Studio album by B'z
- Released: July 3, 2002
- Recorded: 2001–2002
- Genre: Hard rock; pop rock;
- Length: 45:11
- Label: Vermillion Records
- Producer: Tak Matsumoto

B'z chronology
| Eleven (2000) | Green (2002) | Big Machine (2003) |

Singles from Green
- "Ultra Soul" Released: March 14, 2001; "Atsuki Kodō no Hate" Released: June 5, 2002;

= Green (B'z album) =

Green is the twelfth studio album by the Japanese rock duo B'z, released on July 3, 2002. The album sold 800,120 copies in its first week, about 40,000 copies more than previous studio album Eleven and sold 1,131,788 copies overall.

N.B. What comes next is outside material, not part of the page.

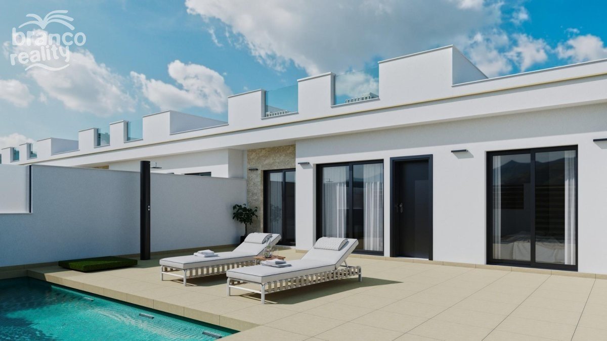 Dvojdomky a řadové vily v Roldánu, Murcia, Španělsko Moderní jednopodlažní vily se soláriem a soukromým bazénem Objevte tento exkluzivní komplex jednopodlažních dvojdomků a řadových vil v Roldánu (Murcia), navržených pro pohodlí, styl a energetickou účinnost. S možností 2 nebo 3 ložnic a 2 koupelen má každá nemovitost soukromé solárium, bazén a parkování na pozemku, ideální pro celoroční užívání si středomořského klimatu. Tento komplex, který se nachází v uzavřeném komplexu s bezpečnostní kontrolou, zaručuje soukromí a klid a zároveň je v blízkosti všech základních služeb, parků, sportovních zařízení a prestižních golfových hřišť. Vysoce kvalitní prvky a funkční design Každá vila byla postavena z nejkvalitnějších materiálů, aby nabídla moderní a pohodlný domov: venkovní PVC tesařské práce s tepelným mostem a dvojitým zasklením. Plně vybavená kuchyň s velkokapacitními skříňkami a bílým zbožím v ceně. Elegantní koupelny se zavěšeným nábytkem, zrcadlem s LED osvětlením a sprchovými zástěnami. Bezpečnostní vstupní dveře pro klid. Předinstalace pro klimatizaci. 3 fotovoltaické solární panely (1,5 kW) pro vyšší energetickou účinnost. Letní kuchyně na soláriu s dřezem a zásuvkou na ledničku. Strategická poloha v Roldanu, Murcia Roldán je okouzlující tradiční vesnice s privilegovanou polohou v regionu Murcia. Nabízí veškeré základní vybavení, jako jsou supermarkety, restaurace, bary, zdravotní kliniky, lékárny, čerpací stanice a další. Tento developerský projekt se navíc nachází jen pár minut od některých z nejlepších golfových hřišť v oblasti, jako jsou La Torre Golf a Terrazas Golf, což nabízí jedinečný zážitek pro milovníky golfu. Vzdálenosti od klíčových zajímavých míst: Letiště Murcia-Corvera - 15 km (15 minut autem). Pláže Mar Menor - 15 km (20 minut autem). Golfová hřiště La Torre a Terrazas - méně než 5 km. Centrum města Murcia - 30 km (30 minut autem). Dokonalý středomořský domov Ať už jako trvalé bydlení, rekreační dům nebo investiční nemovitost, tyto vily v Roldanu nabízejí perfektní kombinaci moderního designu, prvotřídní lokality a kvality života. Kontaktujte nás ještě dnes pro více informací nebo pro sjednání prohlídky vašeho budoucího domu v Roldanu.

Green became the first release following Rooms Records changing its name to Vermillion Records.

==Track listing==
1. "Stay Green ~Mijyuku na Tabi wa Tomaranai~ – 3:08
2. "熱き鼓動の果て" [Atsuki Kodō no Hate] – 4:05
3. "Warp" – 3:48
4. "Signal" – 4:17
5. "Surfin' 3000GTR" – 3:47
6. "Blue Sunshine" – 3:49
7. "Ultra Soul" – 3:38
8. "美しき世界" [Utsukushiki Sekai] – 4:42
9. "Everlasting" – 3:38
10. "Forever Mine" – 3:38
11. "The Spiral" – 3:26
12. "Go★Fight★Win" – 3:15

==Personnel==
- Tak Matsumoto (guitar)
- Koshi Inaba (vocals)

==Certifications==

| Region | Certification | Certified units/sales |
| Japan (RIAJ) | 3× Platinum | 1,200,000^{^} |
^{^} Shipments figures based on certification alone.